Morgan’s eyes focused on the massive gold ring before his mind could grasp that he was looking at a severed human hand. Unmistakably male. He was surprised at how cleanly it had been cut away at the wrist and how little blood there was at the stump end. He was surprised at how well-manicured the nails appeared, with their cuticles neatly done, the edges evenly curved.
They were sitting in an anteroom of the psychiatric ward of a hospital. Outside, they could see rooftops of other hospitals that lined University Avenue in a stalwart display of public health-service efficiency. It was mid-morning, the June sky a radiant blue with cotton clouds hovering in random swatches as if smog were only a rumour.
Miranda listened as Spivak berated Morgan with enough exaggerated indignation to make it obvious he was not actually angry, just frustrated.
“You sat there!
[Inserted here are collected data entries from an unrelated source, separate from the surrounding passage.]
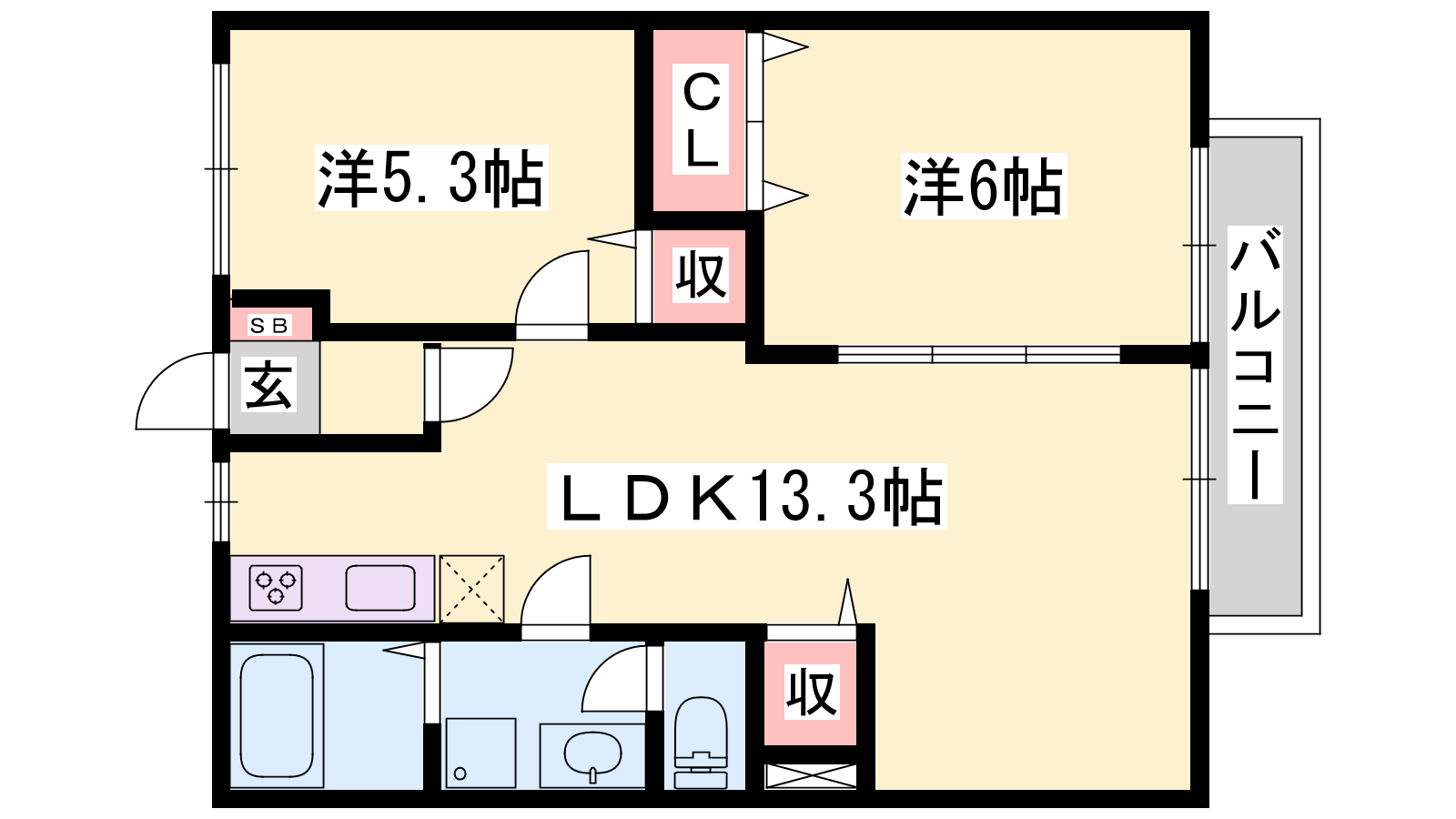- LDK13.3帖、洋室6帖、洋室5.3帖
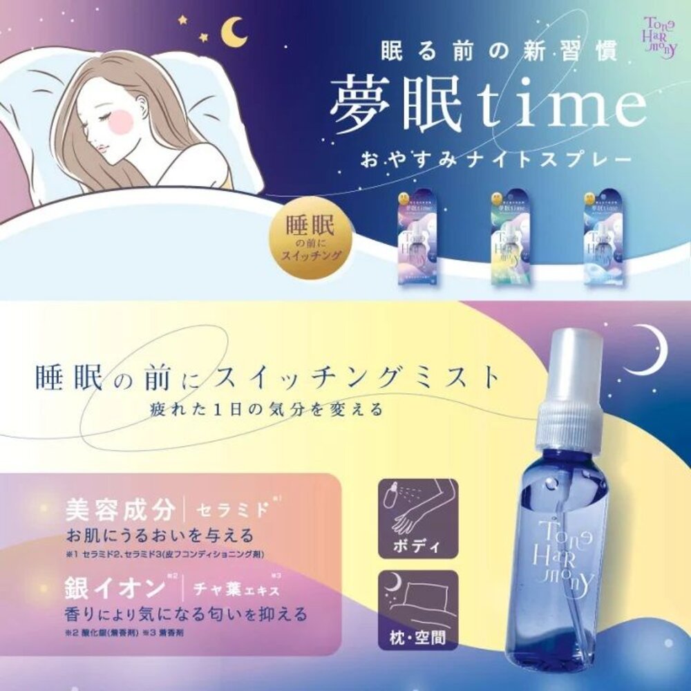 以睡眠為主題的香氛噴霧,可用於身體和枕頭! 具有放鬆和恢復疲勞的芳香
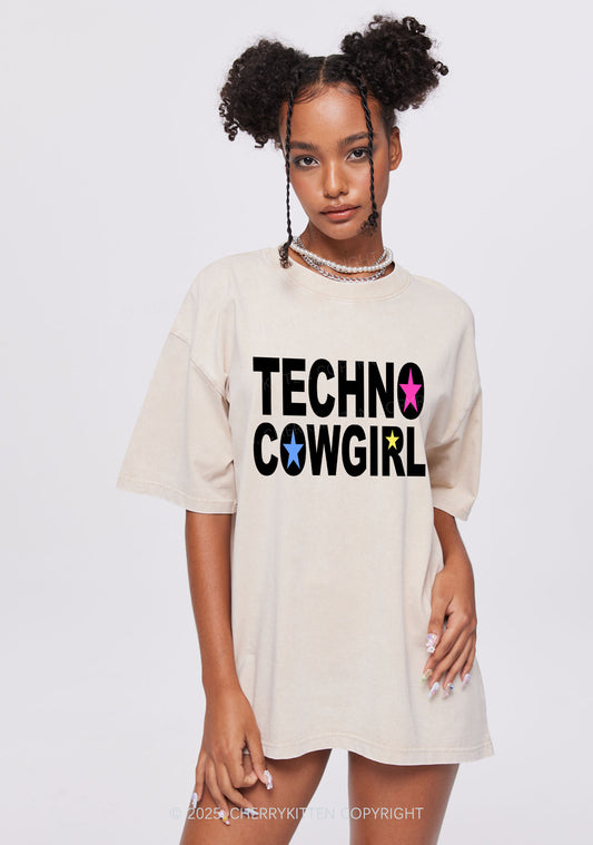 Techno Cowgirl Y2K Shirts Washed Tee Cherrykitten
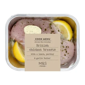 | 27 Apr 2024 09:03 | First seen: M&S 2 Lemon & Garlic Chicken Breasts - Cook Menu (382g) at £6.00. Out of stock. |
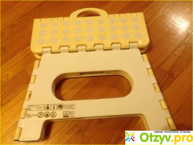 Кроме того, мне всегда нужен упор для ног, что бы сидеть было удобнее. Вспоминая старые деревянные табуреты, хотела заказать такой мастеру. К счастью обнаружила более усовершенствованную модель маленького складного табурета.
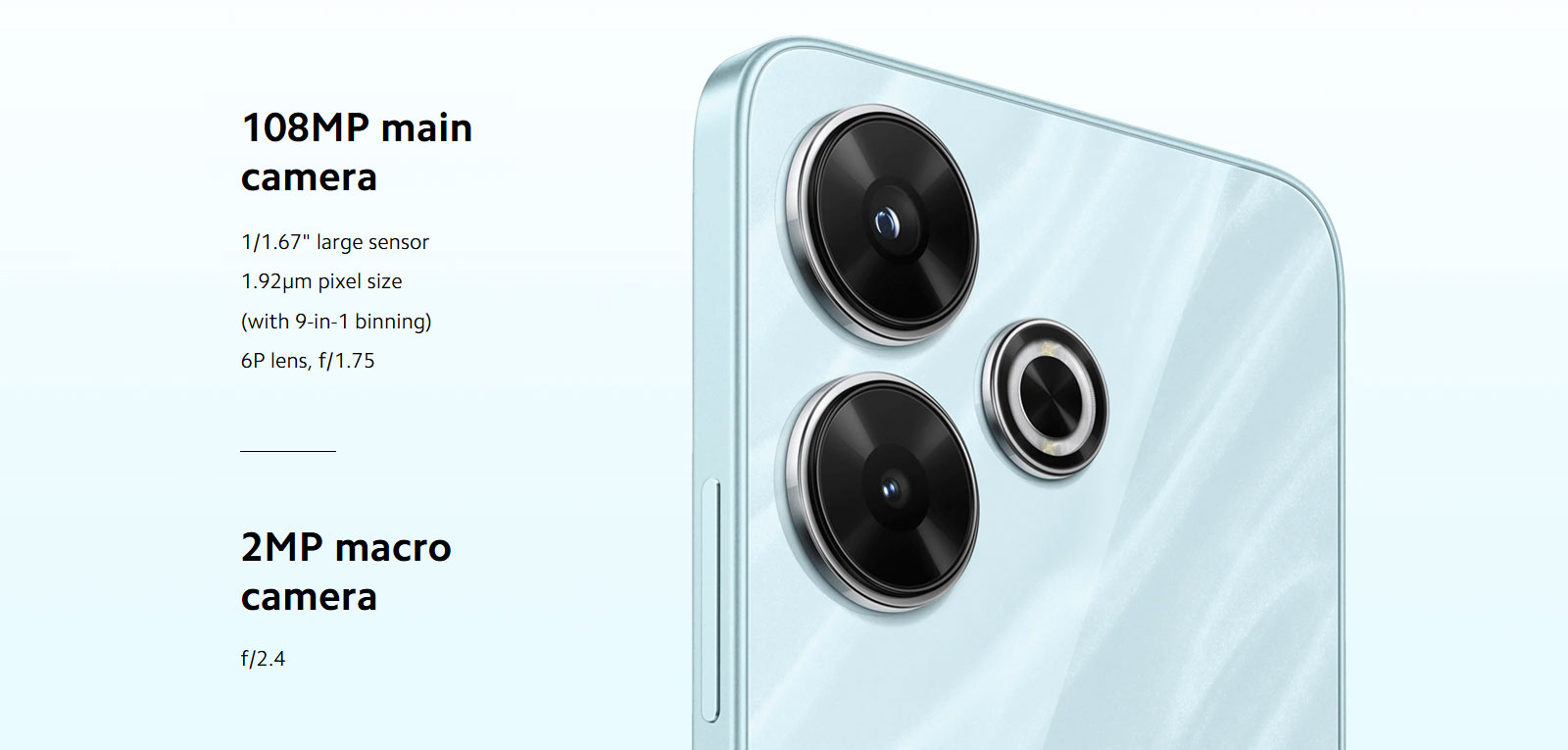 یک دوربین ۱۰۸ مگاپیکسلی بر روی گوشی ردمی ۱۳ قرار گرفته است. این دوربین علاوه بر نور روز هنگام کاهش نور محیط نیز عملکردی قابل قبول به اجرا می گذارد.
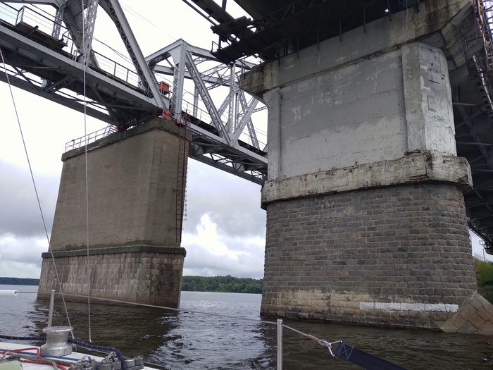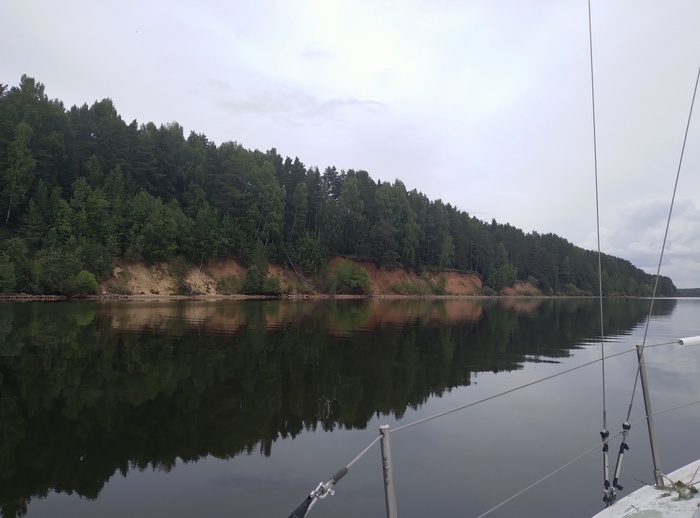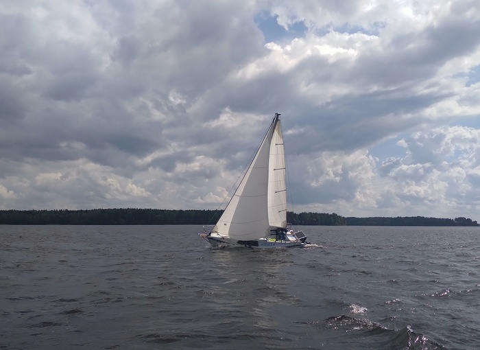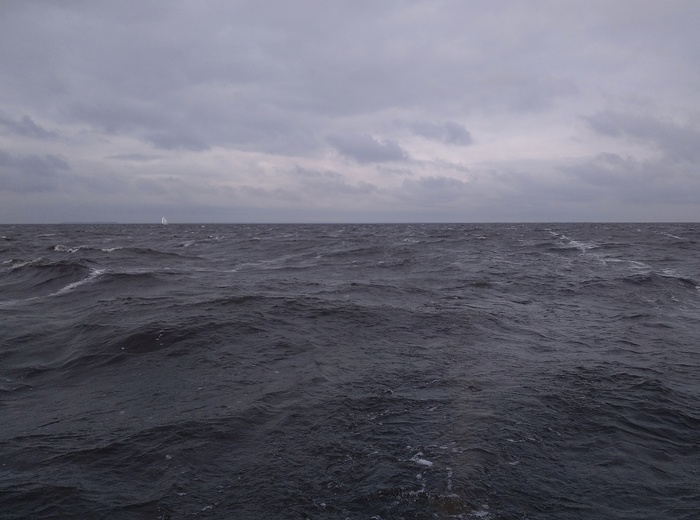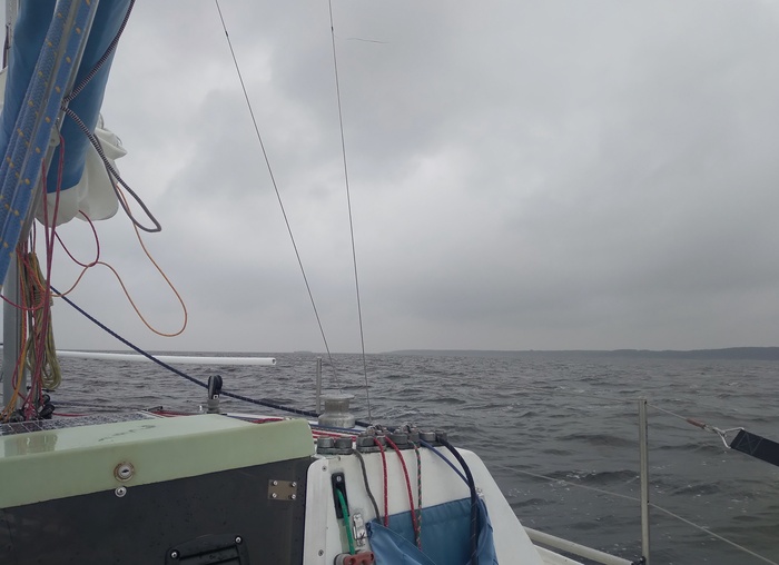 Наскоро выпив чаю, выходим. Я ставлю паруса, почти сразу приходится брать рифы. В этом году поставил закрутку грота, и взятие рифов, как и уборка парусов, никаких сложностей теперь не представляет. Все делается прямо из кокпита в одно лицо. Сергей сразу заводит мотор, я какое-то время иду под парусами.

You sat there all bloody night long, staring at a bloody disembodied hand. With a smoking gun on the table. With a homicidal amnesiac. You didn’t call in? What the hell were you thinking? They needed their beauty sleep?”
“Yeah,” said Morgan.
“Did you nod off yourself, is that what happened, did you stretch out and you were so goddamned laid back you fell asleep?”
“Yeah,” said Morgan.
“Morgan,” said Miranda.
“No, I didn’t. I was thinking.”
“You and your goddamned thinking —”
“You should try it,” said Miranda.
“Thank you, Detective,” said Spivak, turning to Miranda. “You’re quite alert after a good night’s rest.”